# how large of crack will cactus juice fill



## Chris S. (Feb 17, 2016)

As title states, how wide of a crack will cactus juice fill in while stabilizing? Have some woods with small cracks in them and curious to see what I can expect from the resin to realisticly fill. The widest crack is maybe 16th inch at most.


----------



## DKMD (Feb 17, 2016)

You can't count on it to fill cracks in a structural way, and it may create ugly, crusty areas in the blanks.

Reactions: Agree 3


----------



## ironman123 (Feb 17, 2016)

Zip.


----------



## Blueglass (Feb 18, 2016)

I've been experimenting with West Marine penetrating epoxy for filling cracks and voids. So far so good. Dries very clear.


----------



## barry richardson (Feb 18, 2016)

Blueglass said:


> I've been experimenting with West Marine penetrating epoxy for filling cracks and voids. So far so good. Dries very clear.


I just checked that stuff out, looks like it would be great for punky areas, is it thick enough to fill cracks on a vertical surface without running out?


----------



## Chris S. (Feb 18, 2016)

Thanks for info. Epoxy idea very interesting.

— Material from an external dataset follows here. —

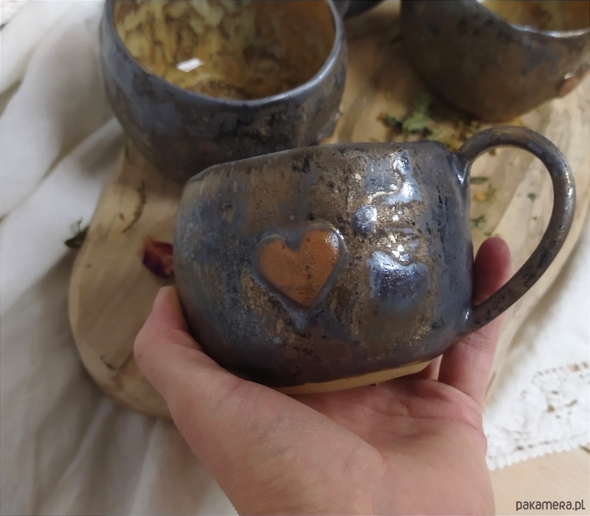Unikatowu kubek ceramiczny z serduszkiem, lepiony ręcznie od podstaw z kulki gliny.

Wonder if that would work well on redwood burl as stuff I have doesn't seem to stabilize well at all. Almost like resin to thin. Maybe epoxy would be thin enough to penetrate but thick enough to stay put.


----------



## Blueglass (Feb 18, 2016)

barry richardson said:


> I just checked that stuff out, looks like it would be great for punky areas, is it thick enough to fill cracks on a vertical surface without running out?


I tape off all areas it may run out. I am picking up the regular epoxy and special clear hardener to finish off some bigger gaps.


----------



## chanser123 (Feb 18, 2016)

Redwood doesnt work well because of the oilk in it. Take a very long soak but it does penetrate.


----------



## chanser123 (Feb 18, 2016)

oil in it""


----------



## Blueglass (Feb 18, 2016)

The 1/16 crack I think the penetrating epoxy would work great. I pour it on and use any make shift scraper ( business card, credit card, thin cut offs) and work it in. I treat boards horizontal, not sure about vertical. Experiment although it is pricey it goes a long way, IMO. 1/8 or bigger I am following up with Specîal Clear Hardener.


----------